I haven't watched The Simpsons in probably 15 years, and even then I don't know if I really enjoyed it. It's just boring and not funny. When I was in elementary school I wasn't allowed to watch it because of the content, but my parents though Ren and Stimpy was fine...
In 3rd grade I plowed through more Goosebumps books than I can count. I want to say about 50, but I'm not sure how many they had put out. The choose your own adventures stories were some of the most addictive. One I read was about a genie, and every path I took I ended up miserable. Goddamn sadistic authors and their tantalizing life lessons. Our school offered a reward incentives program for kids who read, and the most points were always for more mature children's stories like Where the Red Fern Grows. I hope most schools do this because kids will do anything for candy and toys, even if they're forced to make themselves smarter.
I don't know how it would work, but with the sick fucks on this board, I think we could write a 'Choose your own adventure' thread that would blow away any such offering to date.
Our school had a similar program, except the points were given out purely on the number of pages read. I saw the obvious loophole, and proceeded to read mostly picture books like "learn basic spanish" (this was a texas school keep in mind) where there were about 20 words per page and I could tear through about a book a minute. After I reach the number of points needed to get out of class and teach younger kids to read (incentive: get out of class), they changed the rules to where the book had to be pre-approved by the teacher... I thought I was just being smart.
My elementary school participated in a program called Book It! If I remember correctly, the way it worked was that if you read ten books and your parents signed the form verifying that you did, you could take that form to Pizza Hut and get a free personal pan pizza. I didn't like to read (and still don't), so I never did it. One year I did have a teacher who required us to participate and I had to have my parents sign the from saying that I read the books when I actually didn't. I think that I had some Boxcar Children, Goosebumps, Beverly Cleary, and Judy Blume books at home, so those were what went on the form.

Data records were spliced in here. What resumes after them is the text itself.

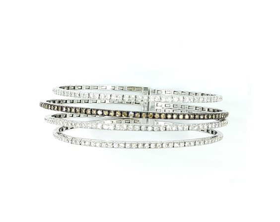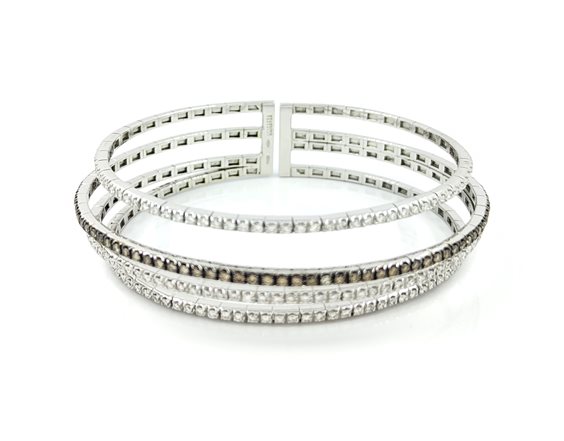 Bracciale a molla in Oro Bianco 18 kt. con Diamanti naturali a Taglio brillante bianchi e Brown per un totale di 2.48 ct.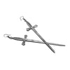 2 Swords, cast immortal in sterling silver & oxidized to a graduated gloomy gray from an antique freemason piece, hang against the throat of their wearer. Tendrils of the intricate details from the original were preserved in the mold, nicely contrasting with the elongated yet dangerous shape of the swords.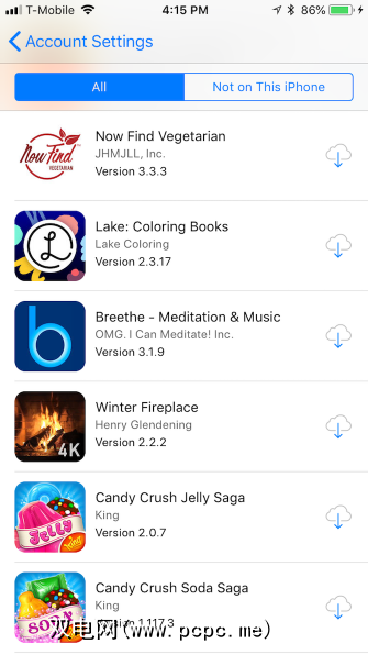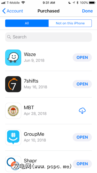 如果要查找已安装然后卸载的应用程序,可以缩小其范围。通过选择不在此iPhone上来完成操作。

Okay..... ...you're telling me schools reward kids for reading? Really? Times really do change over ten years (give or take). Kind of bounces off the attitude my schools carried: "Shut the fuck up, read what we tell you, or YOU FAIL." We were ordered to read specific books and read a certain amount in the library, but no reward. You would just get bad grades and call in your parents. You little shit young-ass entitled bastards. I supposed your vice principals never smashed your hands with a ruler stick too. Fags.

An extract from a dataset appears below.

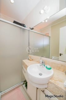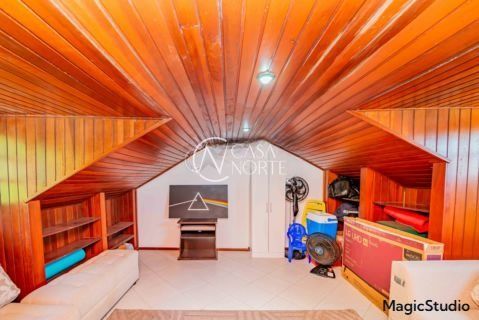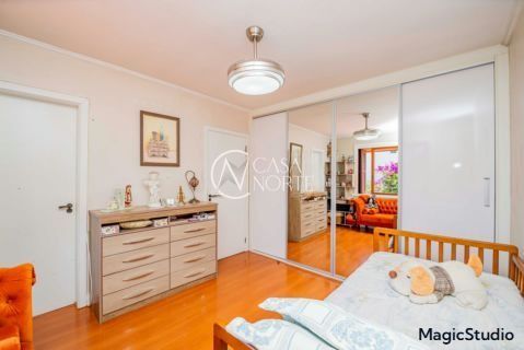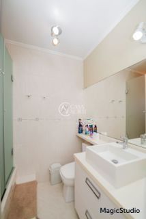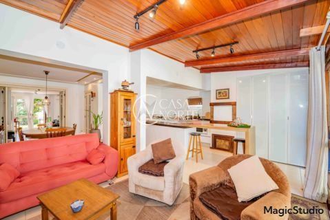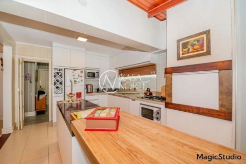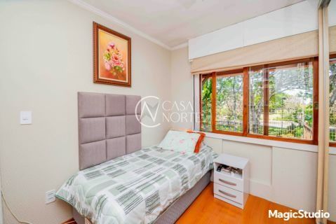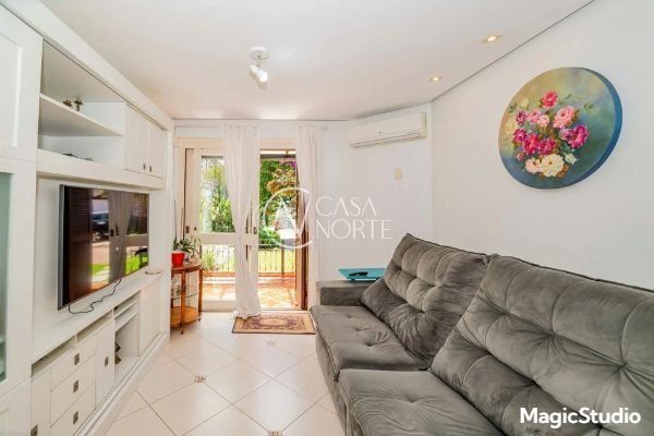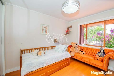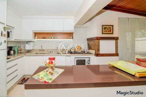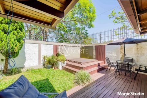 casa de 3 dormitórios em condomínio fechado na zona sul de Porto Alegre, na Rua Eduardo Prado, bairro Cavalhada. A casa conta com gramado e varanda na frente, garagem para dois carros, duas salas de estar e uma sala de jantar, lavabo, cozinha americana com churrasqueira, além de uma varanda nos fundos, pátio e spa. São três dormitórios, sendo uma suíte, e banheiro social. Possui ainda um sótão que pode ser utilizado como sala ou escritório.

Really? That's the part you think is awful? Not the fact that his parents obviously didn't give the slightest shit that he wasn't reading, and enabled him to continue doing so?
You find yourself in a peaceful green field. There is an ovulating sheep. Do you: 1: Shoot it ---Go to end of book 2: Unzip your pants---Go to page 2 3: Gently stoke it's wool and think it would make a sweet sweater vest---Kill yourself
My elementary school had the same type of thing 20 years ago. Your parents document that you read for 600 minutes, and you got a free pass to Six Flags Great America. I mean I was reading anyways, why not get a free amusement park day out of it. If it wasn't for some of these incentive programs, those kids might never have read on their own. If doing it for a reward opened their eyes to literature, and they end up liking it and reading more on their own, is it still bad? I was never beat by my teachers in school. But I didn't go to catholic school, so I had that going for me.